D'altronde la mia fervida immaginazione ha ricamato parecchia della mia vita,  e, seppure ho capito, imparato che non si possono vivere le fantasie, è anche vero che la fantasia aiuta a vivere. E quando ci sono dentro, lascio fuori la vita senza poesia.
Forse per questo sono felice con poco.  Vivo di emozioni e nessuno può mettere un cancello alla mia libertà mentale.
Oddio, detta così sembro una folle priva di senno, ma in effetti nella realtà del mondo ho rischiato di annegare , e più di una volta.
Il fatto è che quelle come me si rimproverano sempre di non fare mai abbastanza e stringono i pugni per non farsi vedere a piangere.
Quelle come me hanno bisogno di abbandonarsi agli abbracci, di fidarsi, e arrossiscono quando ricevono un gesto gentile o un complimento.

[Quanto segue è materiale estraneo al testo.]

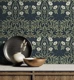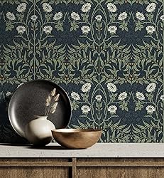 NextWall Stenciled Floral Peel and Stick Wallpaper (Navy & Sage)
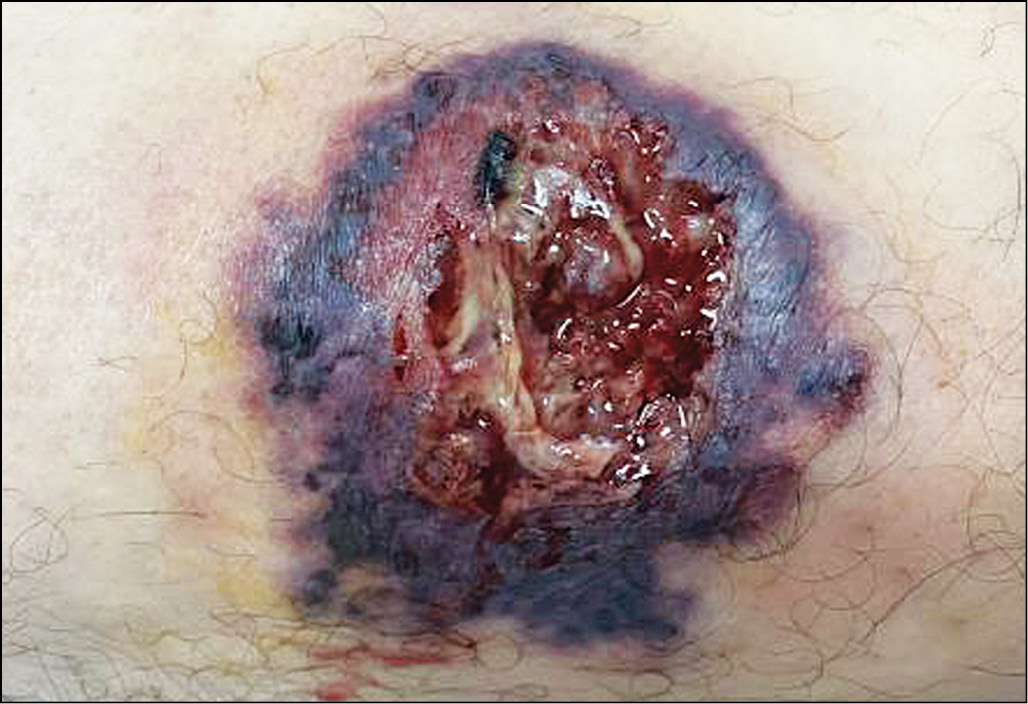 Рис. 2. Пустулёзно-язвенный тип (гангренозная пиодермия). Начинается остро с фурункулоподобного элемента, который трансформируется в язвенный очаг с быстрым эксцентричным ростом за счёт распада отёчного, синюшно-красного, периферического валика. Относится к группе нейтрофильных дерматозов.

Quelle come me raccolgono con pazienza i cocci di un vaso rotto, e con pazienza lo rimettono insieme pur rischiando di ferirsi.
Quelle come me non amano le sfilacciature ma preferiscono i tagli netti, le porte sbattute sulla parola fine. Eppure sono capaci di tornare indietro a riprendersi un amico rimettendo in gioco tutto, pur di ritrovare un sorriso.
Quelle come me ti guardano dritto negli occhi e ti scrutano fino ad arrivarti al centro dell'anima dove i cuori si toccano. E non ne escono più.
Amo l'istinto più della logica perché ho capito che nulla è più reale di una sconfinata sensazione. Amo i gesti spontanei ed ho imparato a selezionare.. So chi voglio accanto e la solitudine non mi spaventa più, perché l'esperienza mi ha fatto capire che essa non dipende dalla presenza o assenza di qualcuno ma anzi, le persone a volte occupano i tuoi spazi e te li rubano, senza offrirti in cambio una vera compagnia. Allora preferisco ballare sola al centro del mio mondo, piuttosto che nell'angolo della vita di qualcuno.
Ho imparato che non si può esigere l'amore  e che non si possono evitare dolori, ansie, tristezze, delusioni e notti insonni costruendo dighe intorno a noi. Dobbiamo semplicemente lasciare che la vita ci corra incontro, scorra verso di noi e ci avvolga, ne più ne meno di come vivono i fiori, le piante, senza costringerla, mortificarla, spegnerla o cercare di imbrigliarla. Dobbiamo smettere di recitare una parte.
Si rischia, certo.ma si vive. Di errori ne ho fatti parecchi, ma mai cattive azioni, non ne sono capace, anche se non dimentico i torti subiti. Ma non aspiro alla vendetta né porto rancori . E questo mi da forza. La forza di andare avanti ancora e, spero, ancora. E sapete che vi dico? Mi piacciono le  persone come  me e sono sicura che un domani, alla fine del viaggio, Lui senz'altro perdonerà i miei errori e mi darà l'assoluzione. Se non altro, per insufficienza di prove.